- Date: 18 – 26 May
- Edition: 1st
- Category: P1
- Prize money: €470.000
- Location: Mar del Plata, Argentina
- Venue: Polideportivo Islas Malvinas

Champions
- Men's doubles: Alejandro Galán Federico Chingotto
- Women's doubles: Ariana Sánchez Paula Josemaría

Chronology

= 2024 Mar del Plata P1 =

Padel championships

The 2024 Mar Del Plata P1 (officially 2024 Mar Del Plata Premier Padel P1) was the eight tournament of the third season organized by Premier Padel, promoted by the International Padel Federation, and with the financial backing of Nasser Al-Khelaïfi's Qatar Sports Investments, now serving as the premier padel circuit.

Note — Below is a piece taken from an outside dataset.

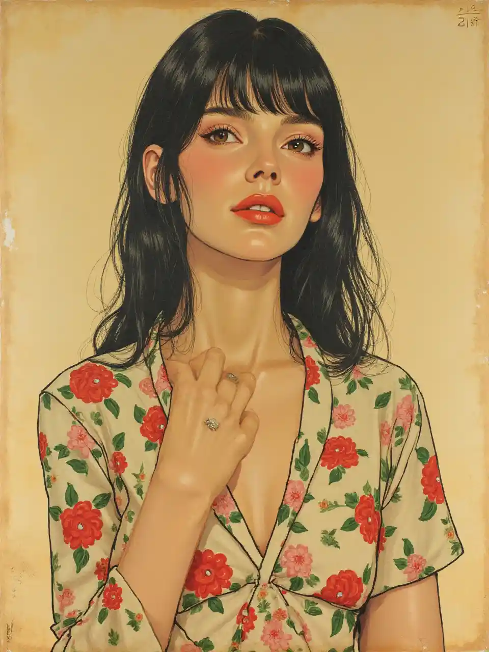 Eiza gonzález porträt by ikenaga yasunari und ayana otake and ko rakusui, 60er-Jahre-Poster, Gemälde, realistisch, fokussiert scharf, japanisch, verträumt, nostalgisch, verblassen, goldene Töne, Blumenmantel
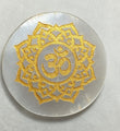 The Selenite Charging Round Plate OM 11 is a beautifully crafted spiritual yantra designed to cleanse and recharge your crystals, gemstones, and jewelry. Made from pure Selenite, this round plate features the sacred OM symbol, known for its ability to enhance spiritual energy, promote tranquility, and bring balance to your surroundings. It effectively removes negative energy and revitalizes your stones, creating a serene and uplifting atmosphere perfect for meditation, healing, and daily energy renewal. Its natural self-cleansing property requires minimal maintenance, making it a practical accessory for continuous spiritual support and well-being. Khanna Gems ensures each plate is authenticated and govt. lab certified, guaranteeing excellent quality and craftsmanship.

In the women's division, the first and second seeded pairs faced each other in the final for the third time in 2024, with Ariana Sánchez and Paula Josemaría claiming their third title of the season after defeating Bea Gonzalez and Delfina Brea.

In the men's division, Alejandro Galán and Federico Chingotto reached their fifth consecutive final, where they would face and defeat the No. 1 FIP ranked team, Agustín Tapia and Arturo Coello, winning their third as pair.

==Relevant Data==
===Coello/Tapia head-to-head against number 2===
By reaching the finals, Coello/Tapia and Chingotto/Galán would face each other for the fifth time in the season. With the number twos' victory, they would hold a winning record of 3–2 against the number ones (4-3 individually for Galán).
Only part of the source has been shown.